## Data excerpts
'''

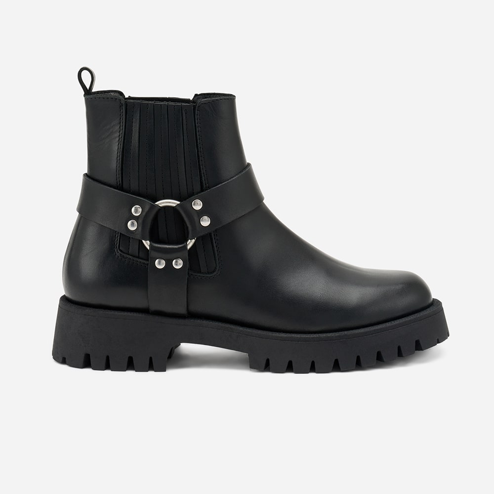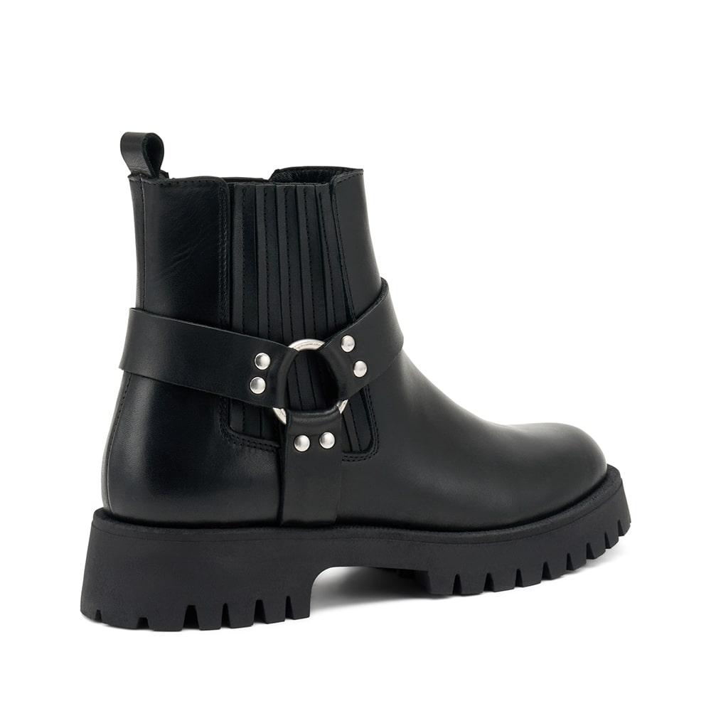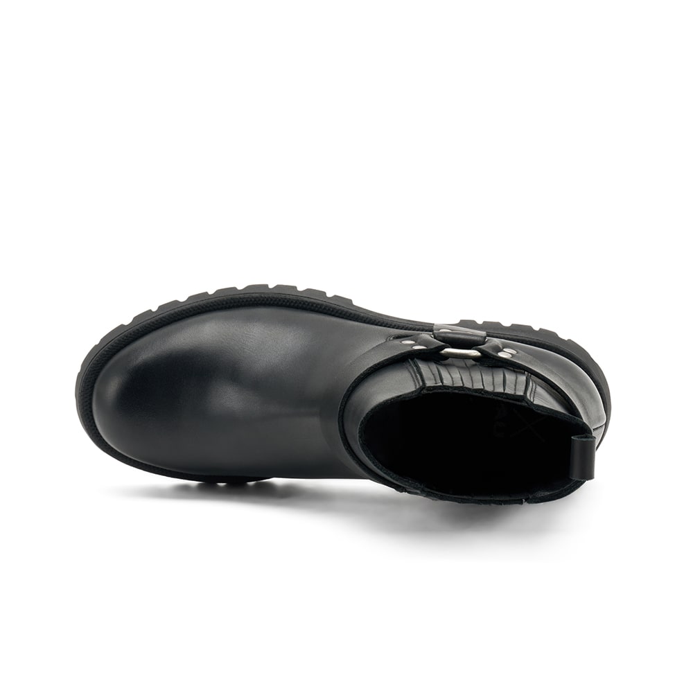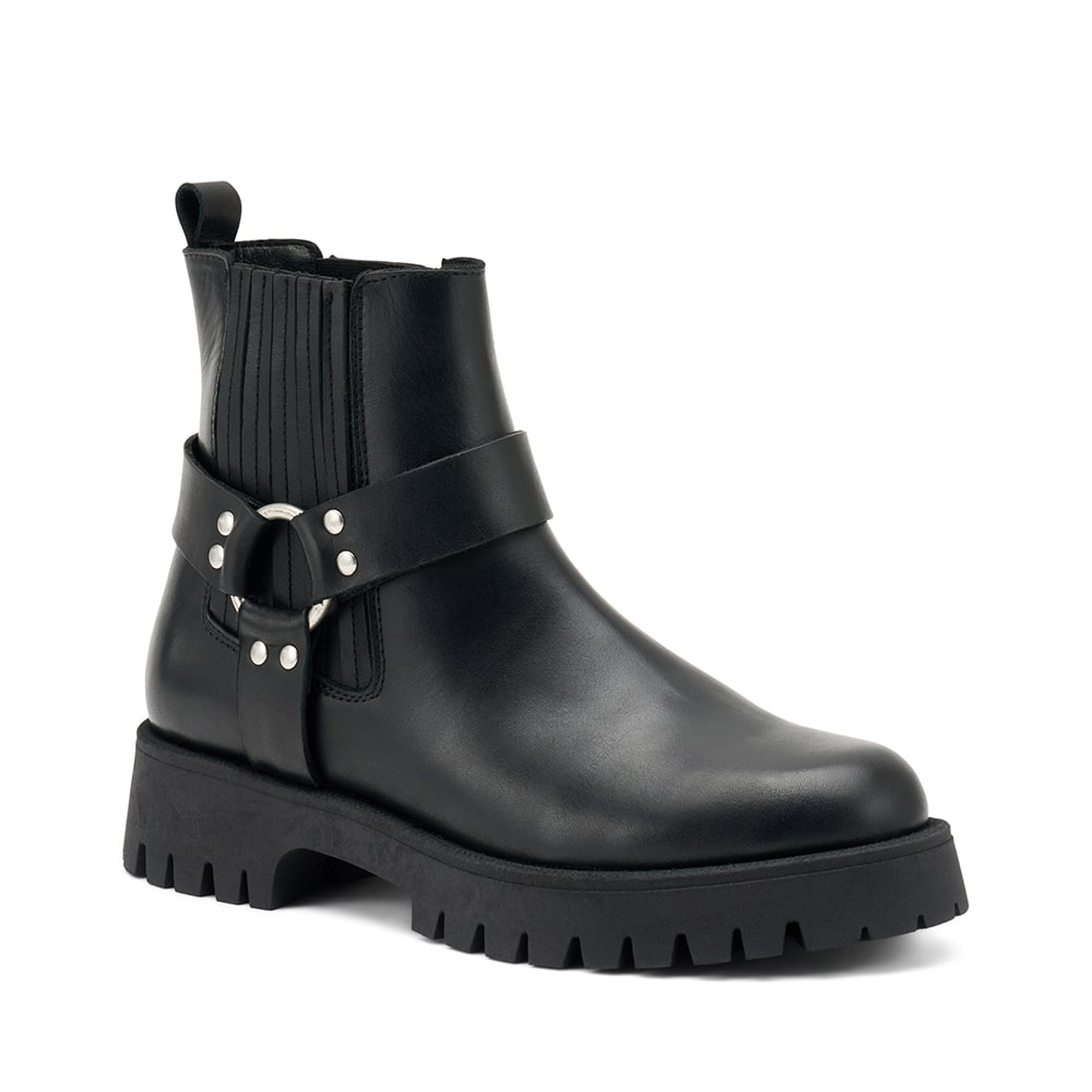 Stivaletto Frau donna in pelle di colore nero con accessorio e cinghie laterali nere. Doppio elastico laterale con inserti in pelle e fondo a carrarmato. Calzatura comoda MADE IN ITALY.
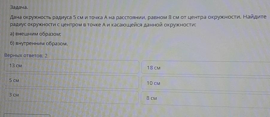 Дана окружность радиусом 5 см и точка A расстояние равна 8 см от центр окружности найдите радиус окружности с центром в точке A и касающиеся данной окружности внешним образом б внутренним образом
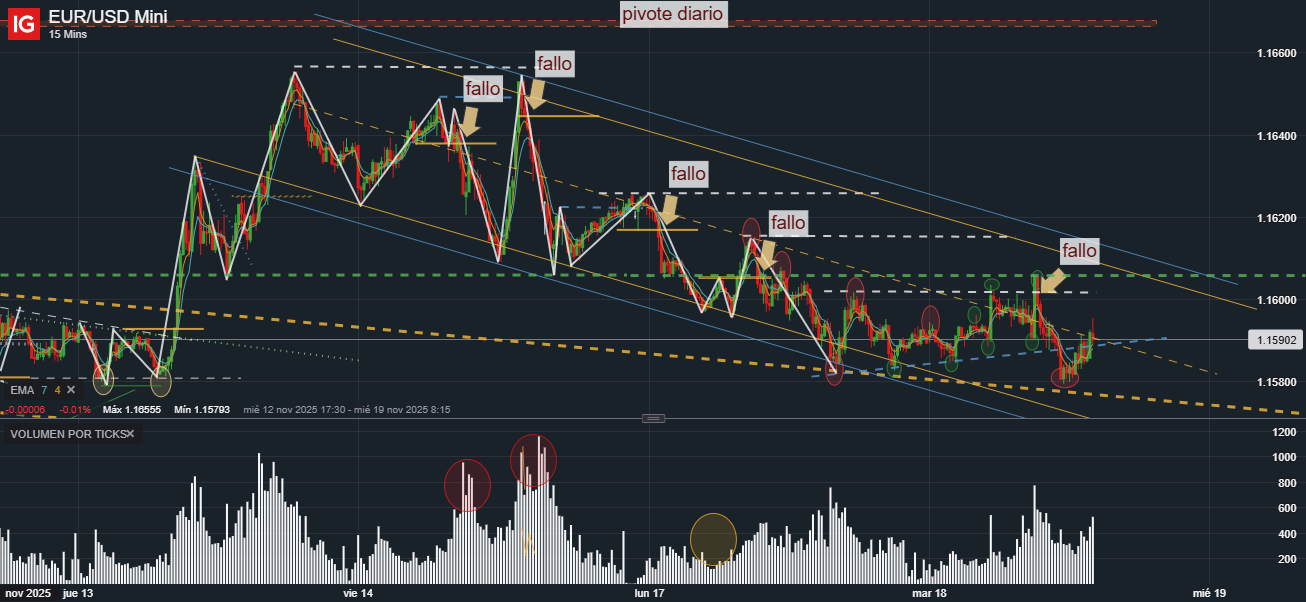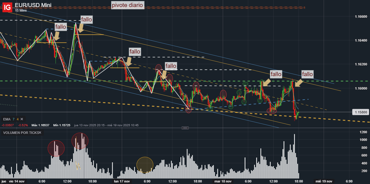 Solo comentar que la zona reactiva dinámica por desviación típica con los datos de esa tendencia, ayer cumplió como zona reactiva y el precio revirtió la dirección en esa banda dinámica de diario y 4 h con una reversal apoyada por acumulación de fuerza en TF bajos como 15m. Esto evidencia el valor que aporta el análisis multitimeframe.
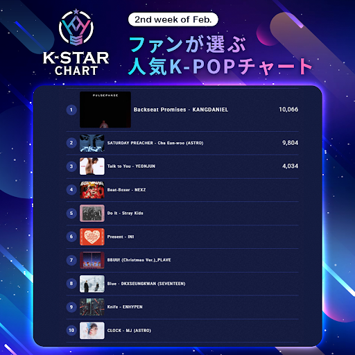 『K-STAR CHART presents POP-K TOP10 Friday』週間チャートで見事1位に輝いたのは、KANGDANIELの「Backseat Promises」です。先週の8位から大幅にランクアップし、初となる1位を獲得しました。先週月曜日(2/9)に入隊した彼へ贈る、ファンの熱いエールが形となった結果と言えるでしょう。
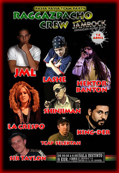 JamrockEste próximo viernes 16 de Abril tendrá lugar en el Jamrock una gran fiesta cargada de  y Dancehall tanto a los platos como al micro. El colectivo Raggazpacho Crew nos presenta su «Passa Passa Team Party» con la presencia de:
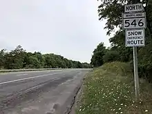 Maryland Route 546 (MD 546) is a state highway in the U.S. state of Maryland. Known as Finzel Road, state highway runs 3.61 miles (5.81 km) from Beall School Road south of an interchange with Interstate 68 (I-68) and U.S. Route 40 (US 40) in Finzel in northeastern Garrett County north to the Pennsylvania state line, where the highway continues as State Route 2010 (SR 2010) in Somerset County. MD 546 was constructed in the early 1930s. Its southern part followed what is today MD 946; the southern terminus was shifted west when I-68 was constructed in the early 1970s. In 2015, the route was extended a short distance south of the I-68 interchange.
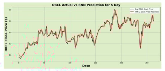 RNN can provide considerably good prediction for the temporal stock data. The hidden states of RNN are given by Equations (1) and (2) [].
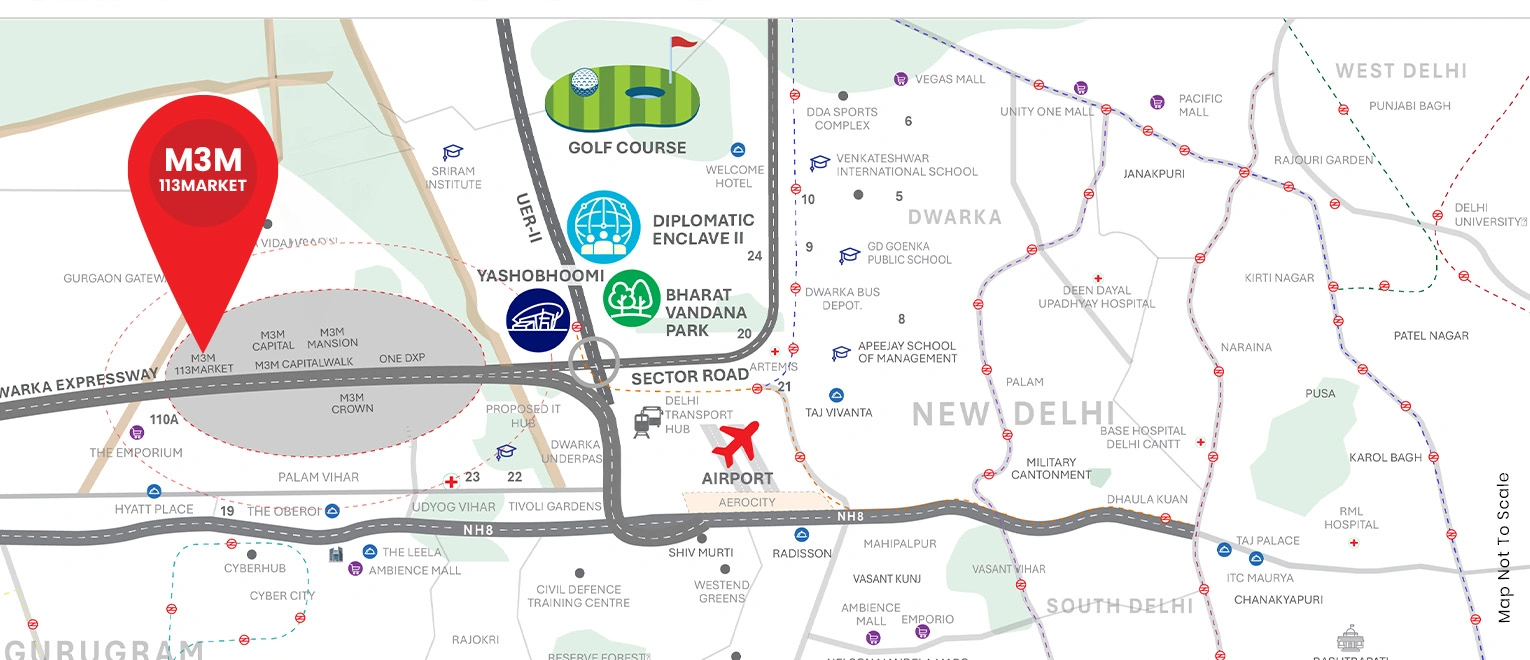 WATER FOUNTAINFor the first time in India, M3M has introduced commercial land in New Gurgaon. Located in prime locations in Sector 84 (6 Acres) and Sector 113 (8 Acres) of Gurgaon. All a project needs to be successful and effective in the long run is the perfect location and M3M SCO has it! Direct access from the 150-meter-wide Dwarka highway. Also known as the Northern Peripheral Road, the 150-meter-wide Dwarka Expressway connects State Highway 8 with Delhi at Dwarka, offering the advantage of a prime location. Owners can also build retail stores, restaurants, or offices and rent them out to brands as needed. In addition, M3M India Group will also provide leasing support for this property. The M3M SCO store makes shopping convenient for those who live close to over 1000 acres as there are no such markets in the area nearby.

'''

## YOUR INSTRUCTIONS
The first line of the entries, the line containing "JamrockEste próximo viernes", and every line between them are to be output exactly; pictures are not.

## RESPONSE BOX
 Stivaletto Frau donna in pelle di colore nero con accessorio e cinghie laterali nere. Doppio elastico laterale con inserti in pelle e fondo a carrarmato. Calzatura comoda MADE IN ITALY.
 Дана окружность радиусом 5 см и точка A расстояние равна 8 см от центр окружности найдите радиус окружности с центром в точке A и касающиеся данной окружности внешним образом б внутренним образом
 Solo comentar que la zona reactiva dinámica por desviación típica con los datos de esa tendencia, ayer cumplió como zona reactiva y el precio revirtió la dirección en esa banda dinámica de diario y 4 h con una reversal apoyada por acumulación de fuerza en TF bajos como 15m. Esto evidencia el valor que aporta el análisis multitimeframe.
 『K-STAR CHART presents POP-K TOP10 Friday』週間チャートで見事1位に輝いたのは、KANGDANIELの「Backseat Promises」です。先週の8位から大幅にランクアップし、初となる1位を獲得しました。先週月曜日(2/9)に入隊した彼へ贈る、ファンの熱いエールが形となった結果と言えるでしょう。
 JamrockEste próximo viernes 16 de Abril tendrá lugar en el Jamrock una gran fiesta cargada de  y Dancehall tanto a los platos como al micro. El colectivo Raggazpacho Crew nos presenta su «Passa Passa Team Party» con la presencia de:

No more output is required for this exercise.